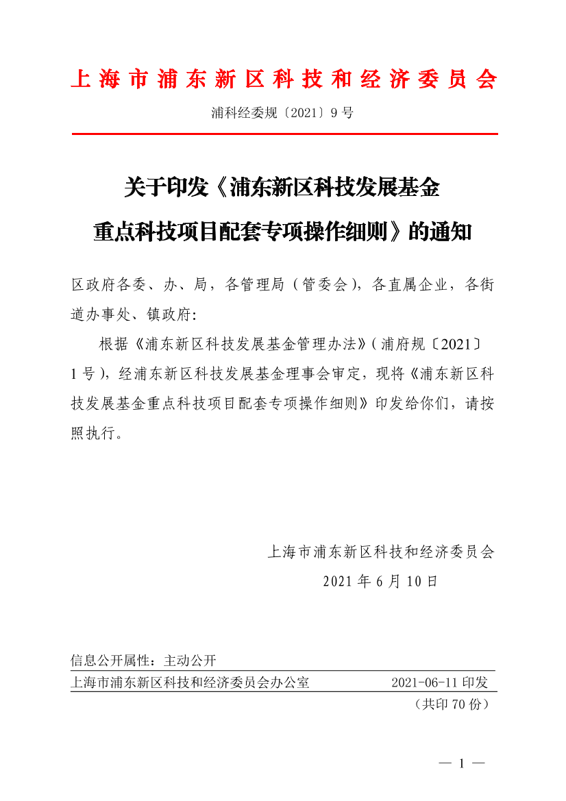 根据《浦东新区科技发展基金管理办法》(浦府规〔2021〕1号),经浦东新区科技发展基金理事会审定,现将《浦东新区科技发展基金重点科技项目配套专项操作细则》印发给你们,请按照执行。
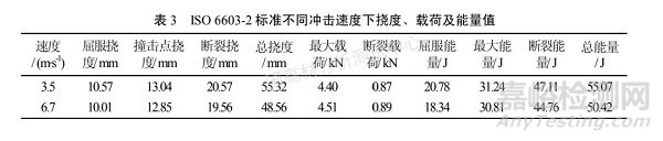 2.2 ISO 6603-2 標準不同沖擊速度條件下撓度、載荷及能量的變化
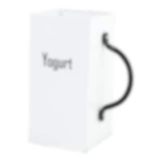 White tin can holder for "Yoghurt" fom our popular tin series Svarte Petter. Size adapted to the most common high 1 liter packages.
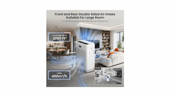 EFFICIENT CIRCULATION PERFORMANCE: Experience optimized airflow with Hearbobo\\\'s HEPA air purifiers for home, designed to effectively cover spaces up to 2,250 sq.ft. The large air purifier 360° Vortex Airflow technology promotes continuous air refreshment throughout large rooms, working seamlessly in bedrooms and open floor plans.
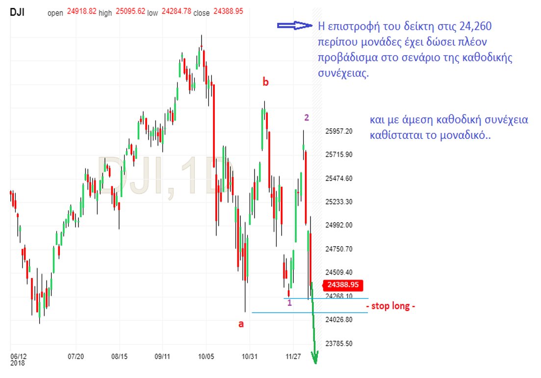 Στην περίπτωση καθοδικής διάσπασης των 592 μονάδων η καθοδική κίνηση δεν έχει ολοκληρωθεί και επανέρχεται το κάτω όριο των 525-540 μονάδων πριν την οριστική ανοδική αντιστροφή που αναβάλλεται για αργότερα (μέσα στο πρώτο τρίμηνο του 2019).
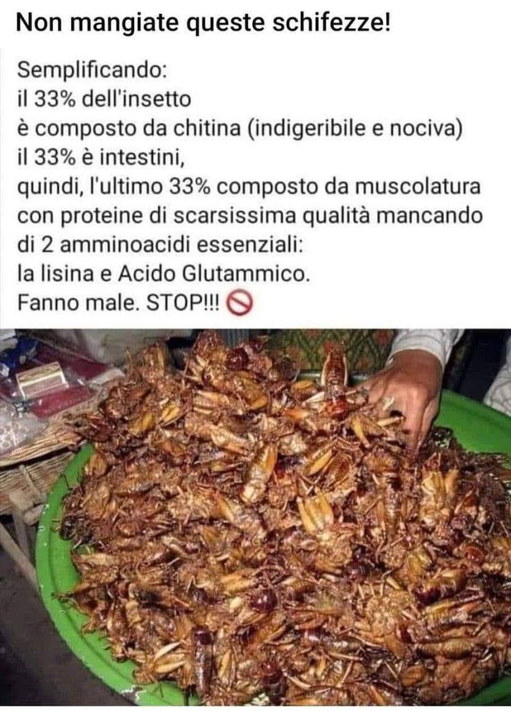 Omettiamo di concentrarci sulle “percentuali a cavolo” tipiche di tutto il mondo delle fake news e del complottismo. Con diverse tipologie di insetti e solo tre approvate per il consumo, parlare con certezza di “33% di questo e quello” dovrebbe già essere un immane campanello di allarme.
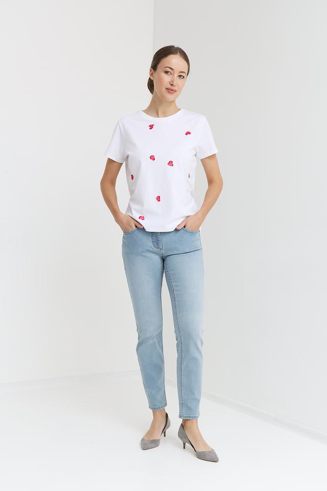 Хлопок обеспечивает комфорт и воздухопроницаемость, полиэстер придает прочность и износостойкость, спандекс – эластичность и свободу движений, а район – мягкость и приятные тактильные ощущения. Эти джинсы идеально подойдут для создания различных образов, от повседневных до более элегантных.
====================
**THE PROBLEM**
Reproduce every entry word for word, but omit the pictures.

**YOUR RESPONSE**
 根据《浦东新区科技发展基金管理办法》(浦府规〔2021〕1号),经浦东新区科技发展基金理事会审定,现将《浦东新区科技发展基金重点科技项目配套专项操作细则》印发给你们,请按照执行。
 2.2 ISO 6603-2 標準不同沖擊速度條件下撓度、載荷及能量的變化
 White tin can holder for "Yoghurt" fom our popular tin series Svarte Petter. Size adapted to the most common high 1 liter packages.
 EFFICIENT CIRCULATION PERFORMANCE: Experience optimized airflow with Hearbobo\\\'s HEPA air purifiers for home, designed to effectively cover spaces up to 2,250 sq.ft. The large air purifier 360° Vortex Airflow technology promotes continuous air refreshment throughout large rooms, working seamlessly in bedrooms and open floor plans.
 Στην περίπτωση καθοδικής διάσπασης των 592 μονάδων η καθοδική κίνηση δεν έχει ολοκληρωθεί και επανέρχεται το κάτω όριο των 525-540 μονάδων πριν την οριστική ανοδική αντιστροφή που αναβάλλεται για αργότερα (μέσα στο πρώτο τρίμηνο του 2019).
 Omettiamo di concentrarci sulle “percentuali a cavolo” tipiche di tutto il mondo delle fake news e del complottismo. Con diverse tipologie di insetti e solo tre approvate per il consumo, parlare con certezza di “33% di questo e quello” dovrebbe già essere un immane campanello di allarme.
 Хлопок обеспечивает комфорт и воздухопроницаемость, полиэстер придает прочность и износостойкость, спандекс – эластичность и свободу движений, а район – мягкость и приятные тактильные ощущения. Эти джинсы идеально подойдут для создания различных образов, от повседневных до более элегантных.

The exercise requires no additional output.